A database query in an online transaction processing (OLTP) system application is generally going to be one of a great many reads, pulling in a small amount of data: i.e., a single record, a single table entry, a lone object. A database query in an online analytical processing (OLAP) system application is generally going to be one of a few reads, pulling in a huge amount of data, such as a large chunk of sequential records.

In other words, from the standpoint of the database, an OLTP query and an OLAP query are direct opposites. It’s easy to see this polarization when you consider the nature of the applications: OLTP applications are generally used by lots of people, dealing with one business object at a time; OLAP applications are used only by analysts (fewer in number by far than OLTP users) and don’t deal with business objects at all, but with large batches of records over time.

So if you’re working on a data warehouse—the source of OLAP data—you’re going to want your database access to work a little differently.

What difference does it make?
You can’t neglect database access when designing access for a data warehouse servicing OLAP apps. Why not? If you do, you’ll never get the warehouse tuned for decent performance. And why is this? Because lots of reads of a little data is physically very different from a few reads of lots of data.

What’s the preferred organization when storing data in tables in a typical relational database environment? Well, we like normalized data, with logical relationships between data items. For transactional processing, this works well, and we’re happy with it. But imagine applying that same reasoning to a data warehouse. Visualize your warehouse data normalized. Now picture yourself pulling in 48 months’ worth of tabled records for an analytic. Count the number of physical reads required to fulfill the query. Is your head spinning?

Objective #1: DO NOT normalize the data in a data warehouse!
If you don’t want normalized data distribution, how do you want to store data in a warehouse? Think of OLTP data as suburbia—sprawling neighborhoods, every house holding a family, some bigger, some smaller, all connected to one another by this road or that—while OLAP data is your basic downtown high-rise, every unit identical, all in one place, perfectly stacked together (no roads required).

If an OLAP analyst is going to pull in 48 months’ worth of tabled records for an analytic, the most efficient read for such a query is to grab an optimum batch of data in any one read, and that means sequential data stored in arrays. That is, since you’re counting physical reads to gauge query efficiency, you want the minimum number of physical reads, and that means having the sequential data as physically proximate as possible.

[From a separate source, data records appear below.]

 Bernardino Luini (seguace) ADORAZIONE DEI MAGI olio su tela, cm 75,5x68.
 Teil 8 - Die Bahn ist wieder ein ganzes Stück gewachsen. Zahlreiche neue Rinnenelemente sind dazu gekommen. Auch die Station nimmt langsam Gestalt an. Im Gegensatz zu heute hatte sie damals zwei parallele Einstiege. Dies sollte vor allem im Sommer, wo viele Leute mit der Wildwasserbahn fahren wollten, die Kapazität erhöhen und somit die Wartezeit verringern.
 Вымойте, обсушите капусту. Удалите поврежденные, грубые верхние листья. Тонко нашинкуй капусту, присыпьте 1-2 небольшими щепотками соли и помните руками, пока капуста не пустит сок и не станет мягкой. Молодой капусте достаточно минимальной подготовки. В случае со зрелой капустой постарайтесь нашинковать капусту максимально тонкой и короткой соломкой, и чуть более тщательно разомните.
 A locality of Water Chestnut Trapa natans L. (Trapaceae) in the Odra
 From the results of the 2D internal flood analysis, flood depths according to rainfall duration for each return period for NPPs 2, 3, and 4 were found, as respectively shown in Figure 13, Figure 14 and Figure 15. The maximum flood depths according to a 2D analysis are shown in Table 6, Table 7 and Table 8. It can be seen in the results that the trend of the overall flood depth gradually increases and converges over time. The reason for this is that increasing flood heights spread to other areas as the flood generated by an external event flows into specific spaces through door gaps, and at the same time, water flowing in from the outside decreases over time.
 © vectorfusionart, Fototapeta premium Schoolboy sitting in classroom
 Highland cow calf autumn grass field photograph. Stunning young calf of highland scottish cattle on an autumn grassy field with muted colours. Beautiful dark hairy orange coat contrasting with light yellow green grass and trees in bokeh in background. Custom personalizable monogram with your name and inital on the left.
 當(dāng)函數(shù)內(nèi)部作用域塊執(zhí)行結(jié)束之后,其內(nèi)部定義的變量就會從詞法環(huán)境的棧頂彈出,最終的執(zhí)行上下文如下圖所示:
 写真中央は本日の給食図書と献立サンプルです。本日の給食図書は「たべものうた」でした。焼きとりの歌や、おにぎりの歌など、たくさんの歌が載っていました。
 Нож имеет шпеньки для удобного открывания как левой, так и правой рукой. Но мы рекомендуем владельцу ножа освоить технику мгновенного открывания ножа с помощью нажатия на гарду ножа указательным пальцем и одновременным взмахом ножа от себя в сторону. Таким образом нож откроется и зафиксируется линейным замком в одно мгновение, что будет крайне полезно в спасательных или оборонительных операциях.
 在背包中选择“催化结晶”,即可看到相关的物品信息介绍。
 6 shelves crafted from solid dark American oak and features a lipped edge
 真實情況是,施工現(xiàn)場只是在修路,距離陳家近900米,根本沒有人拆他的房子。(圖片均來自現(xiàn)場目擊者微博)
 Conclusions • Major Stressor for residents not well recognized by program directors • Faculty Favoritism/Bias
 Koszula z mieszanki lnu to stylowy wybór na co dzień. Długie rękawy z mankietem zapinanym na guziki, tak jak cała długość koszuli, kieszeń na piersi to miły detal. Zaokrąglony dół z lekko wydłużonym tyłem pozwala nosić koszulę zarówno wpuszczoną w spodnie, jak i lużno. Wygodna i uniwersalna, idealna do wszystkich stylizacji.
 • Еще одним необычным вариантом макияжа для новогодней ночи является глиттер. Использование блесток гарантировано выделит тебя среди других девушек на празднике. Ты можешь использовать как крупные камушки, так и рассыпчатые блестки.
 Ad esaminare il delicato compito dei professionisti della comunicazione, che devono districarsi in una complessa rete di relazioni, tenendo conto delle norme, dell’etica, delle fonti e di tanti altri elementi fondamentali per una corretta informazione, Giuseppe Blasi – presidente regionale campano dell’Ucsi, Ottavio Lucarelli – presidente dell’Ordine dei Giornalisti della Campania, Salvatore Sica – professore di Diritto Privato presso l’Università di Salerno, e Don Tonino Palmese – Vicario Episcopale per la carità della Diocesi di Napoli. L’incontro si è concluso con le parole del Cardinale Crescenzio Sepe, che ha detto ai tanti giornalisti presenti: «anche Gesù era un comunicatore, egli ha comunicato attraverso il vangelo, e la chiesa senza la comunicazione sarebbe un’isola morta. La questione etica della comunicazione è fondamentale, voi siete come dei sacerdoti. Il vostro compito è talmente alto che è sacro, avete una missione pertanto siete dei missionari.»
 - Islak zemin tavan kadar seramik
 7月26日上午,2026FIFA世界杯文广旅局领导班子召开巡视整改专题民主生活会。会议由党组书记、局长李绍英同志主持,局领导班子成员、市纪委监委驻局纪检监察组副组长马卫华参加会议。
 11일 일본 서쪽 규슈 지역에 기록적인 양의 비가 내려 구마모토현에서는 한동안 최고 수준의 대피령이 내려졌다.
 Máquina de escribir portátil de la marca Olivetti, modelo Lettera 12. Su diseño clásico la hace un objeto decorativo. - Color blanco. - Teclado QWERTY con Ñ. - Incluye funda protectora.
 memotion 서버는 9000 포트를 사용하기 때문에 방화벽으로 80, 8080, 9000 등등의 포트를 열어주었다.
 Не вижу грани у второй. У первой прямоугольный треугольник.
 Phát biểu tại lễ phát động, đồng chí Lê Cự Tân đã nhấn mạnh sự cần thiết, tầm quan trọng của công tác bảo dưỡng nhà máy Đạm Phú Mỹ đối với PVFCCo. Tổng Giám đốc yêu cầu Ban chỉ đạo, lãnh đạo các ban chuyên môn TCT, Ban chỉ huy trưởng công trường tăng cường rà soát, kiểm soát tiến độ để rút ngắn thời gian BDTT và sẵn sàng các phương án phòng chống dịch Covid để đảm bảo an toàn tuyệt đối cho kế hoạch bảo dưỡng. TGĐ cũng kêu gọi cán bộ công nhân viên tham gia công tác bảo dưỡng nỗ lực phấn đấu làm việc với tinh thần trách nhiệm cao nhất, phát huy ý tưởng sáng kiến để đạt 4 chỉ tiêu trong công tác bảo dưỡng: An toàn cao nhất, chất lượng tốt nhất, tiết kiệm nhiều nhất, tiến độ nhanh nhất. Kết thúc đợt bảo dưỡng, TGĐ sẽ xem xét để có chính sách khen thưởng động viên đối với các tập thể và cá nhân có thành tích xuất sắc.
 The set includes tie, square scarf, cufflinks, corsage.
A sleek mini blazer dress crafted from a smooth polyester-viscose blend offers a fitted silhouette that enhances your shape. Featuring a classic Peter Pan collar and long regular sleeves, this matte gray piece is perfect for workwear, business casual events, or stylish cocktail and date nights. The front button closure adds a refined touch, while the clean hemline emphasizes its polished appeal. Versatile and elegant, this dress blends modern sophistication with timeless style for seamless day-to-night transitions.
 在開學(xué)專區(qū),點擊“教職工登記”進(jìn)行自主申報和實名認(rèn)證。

Objective #2: Sequential logical storage = physically proximate storage!
If you’re moving data by the gigabyte in and out of a database, then you have to be efficient in both directions: The data must be stored in an extremely efficient structure, and the method of access must match this structure. This should be self-evident, but if you’re used to thinking in relational terms, it’s easy to take this part of the equation for granted—and failure to think of this could lead to crippling inefficiencies (far too many reads-per-query).

Objective #3: Storage structure(s) and access method(s) should match!
Returning to the analogy of the relational database as a sprawling, “normalized” suburban neighborhood and the analytical database as an urban high-rise, you can see that what we’re talking about is opposites in terms of access path. Relational database retrieval works well because we know what the access path is. In a data warehouse, we don’t; hence, our need for a structure that allows us to roll data up rapidly, in a multidimensional “high-rise”. Likewise, we can know where we are in a relational database because data objects all bear a certain predetermined relationship to other data objects. In a data warehouse, these relationships are not nearly so well-defined: Proximity is often our primary access feature, because we’re “scooping” data out in bucketfuls, and like objects are located in sequence (physically as well as logically).

Taking the high-rise analogy even further, the ideal storage in a data warehouse is multidimensional. The high-rise is an elongated cube, and cubes are exactly what we want to model in storing warehouse data. Since we want data to be related, but not in the expensive RDBMS fashion, we need to create context for data objects laid out in series. We do this by adding a dimension to our data model that will establish context, in practice.

The shape of the data
How do you add context to sequentially-stored data objects without imposing a relational structure on them? You can add context with two powerful concepts in data structures: the star schema and the cube.

The star schema
In a star schema, tables of data are joined to a central “fact” table, such that the peripheral tables (where the serious buckets of data are) form dimensions of the central table. The central table contains the keys by which the peripheral tables are referenced, giving them context both alone and in combination with other tables. The central table is therefore redundant, but because of the virtual relational power of this configuration, it’s a small price to pay (the snowflake schema is a variation on this theme, wherein there are multiple tables defining one or more dimension, with dimension tables extending other dimensional tables).

The data cube
This structure is a three-dimensional manifestation of the star schema (actually, it can be multidimensional: cube, hypercube, or as many dimensions as you need). In such a structure, you literally have a cube of information, tables stacked such that one dimension forms a “fact” table of keys and pointers, pointing in the direction you want to analyze the data.

The goal, then, is to store data in cubes and retrieve it in cubes for maximum logical and physical efficiency. Our access time is reduced and our physical reads are minimized. Because of this efficiency gain, in a follow up article, I’ll examine how to implement the data cube in Microsoft SQL Server 2000.